Lavelle v. Zoning Board of Adjustment

Kun, P. J.,

This is an appeal from a decision of the zoning board of adjustment refusing to grant a permit for the operation of a beauty parlor at premises 2012 South Fifty-seventh Street, in a “D” residential district. While the application was in form a general one for the operation of a beauty parlor, the record indicates that the applicant sought a permit for a “home occupation”. Section 14 {a) of the Philadelphia Zoning Ordinance of August 10, 1933, as amended, provides:

“Accessory Uses. The accessory uses in residential districts shall include such uses as are customary and incident to any permitted use, not involving the conduct of a business, but may include the office or studio of a professional person and home occupations engaged in by occupants of a dwelling and may include a private garage or private stable.” (Italics supplied.)

A home occupation is defined in section 2(12) of the Philadelphia Zoning Ordinance as follows: “Home Occupation. Any lawful occupation customarily conducted in a dwelling as an incidental use.”

An applicant is entitled to a permit for a home occupation as a matter of right; he is not legally required under the circumstances to prove facts warranting a variance. The zoning board of adjustment in this case, however, failed to consider the application for a home occupation and considered the matter exclusively in terms of a variance. In this the board erred.

*363In considering an application for a home occupation, the zoning board of adjustment should consider (1) whether by custom and usage the proposed use is generally identified as a use incidental to a dwelling, and (2) whether the proposed use, in view of its scope, would in fact be incidental to the dwelling involved. Hairdressing and beauty culture are uses traditionally associated with the home. As stated in Kovach v. Board of Adjustment, 37 Del. Co. 6 (1948):

“Furthermore, we are of the view that the profession of a beautician is essentially a home occupation similar to that of a dressmaker or milliner. It is customary for a person to do such work on her premises in a residential neighborhood. Any married man knows that all women are desirous of having ready access to such places just the same as we like to have a doctor, dentist, music teacher, milliner, dressmaker and occulist in the neighborhood.”

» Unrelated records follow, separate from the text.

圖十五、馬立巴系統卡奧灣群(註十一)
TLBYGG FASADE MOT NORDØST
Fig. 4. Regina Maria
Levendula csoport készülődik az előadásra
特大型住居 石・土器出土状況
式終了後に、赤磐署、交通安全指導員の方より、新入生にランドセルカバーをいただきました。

While we do not quite agree that the work of a beautician is a profession in the true sense of that term, we agree that such work is frequently done, as indicated, in residential neighborhoods.

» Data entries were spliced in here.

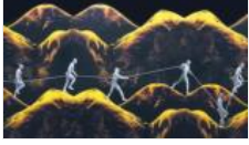
45 yıldan seçkiler 'Hatırla' sergisinde

YAZLAR GÜNDEM SİYASET TÜRKİYE DÜNYA EKONOMİ KÜLTÜR-SANAT ÇİZERLER SPOR YAŞAM TEKNOLOJİ EĞİTİM FOTOĞRAF VIDEO ENGLISH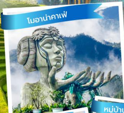
โมอานาคาเฟ่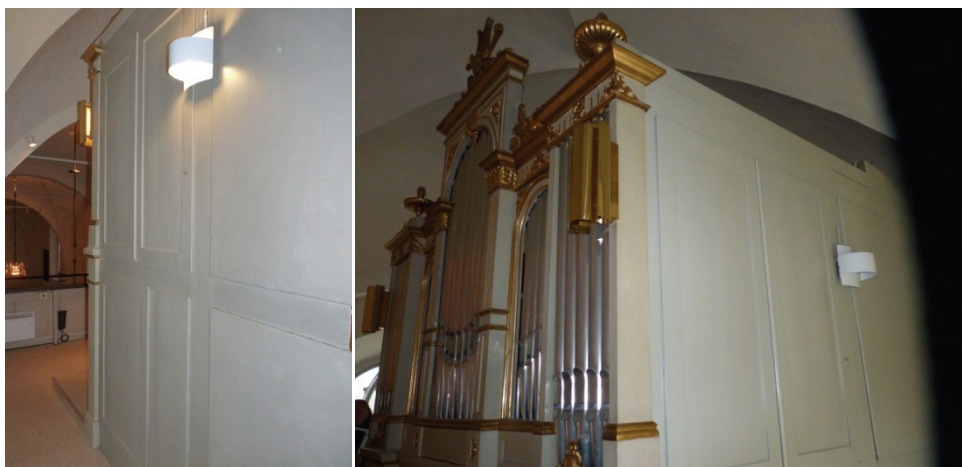
Figur 47. Orgelhusets sida före åtgärder.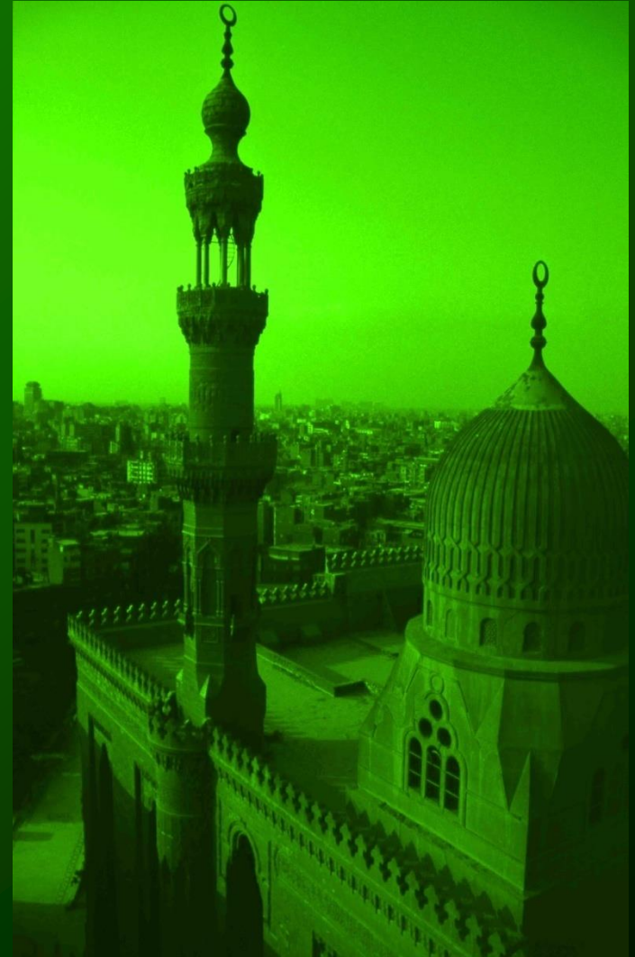
Mosquée de Sultan Hasan, le Caire

There is nothing in the record to indicate that the scope of the proposed use would be out of harmony with a residential neighborhood. The applicant is a widow who will conduct her beauty parlor alone. The only indication of the proposed use, from the street, will be a small sign required by the State Board of Cosmetology. No protestants appeared before the zoning board of adjustment; on the contrary a petition was submitted signed by several neighbors, specifically indicating their willingness that a permit be granted. The findings of the zoning board of adjustment that the proposed use would be detrimental to the peace and quiet of the neighborhood and that the health, morals, safety and general welfare of the immediate *364neighborhood would be affected thereby, are arbitrary and capricious and totally unsupported by the evidence. For the reasons above stated, the court enters the following

Order

And now, to wit, January 7, 1955, the decision of the zoning board of adjustment in the above captioned proceedings is hereby reversed and the said board is ordered to direct the department of licenses and inspections to issue to plaintiff a permit for the operation of a “beauty parlor as a home occupation”, at premises 2012 South Fifty-seventh Street, attaching thereto, if the board so desires, such reasonable conditions as the board may deem necessary or appropriate.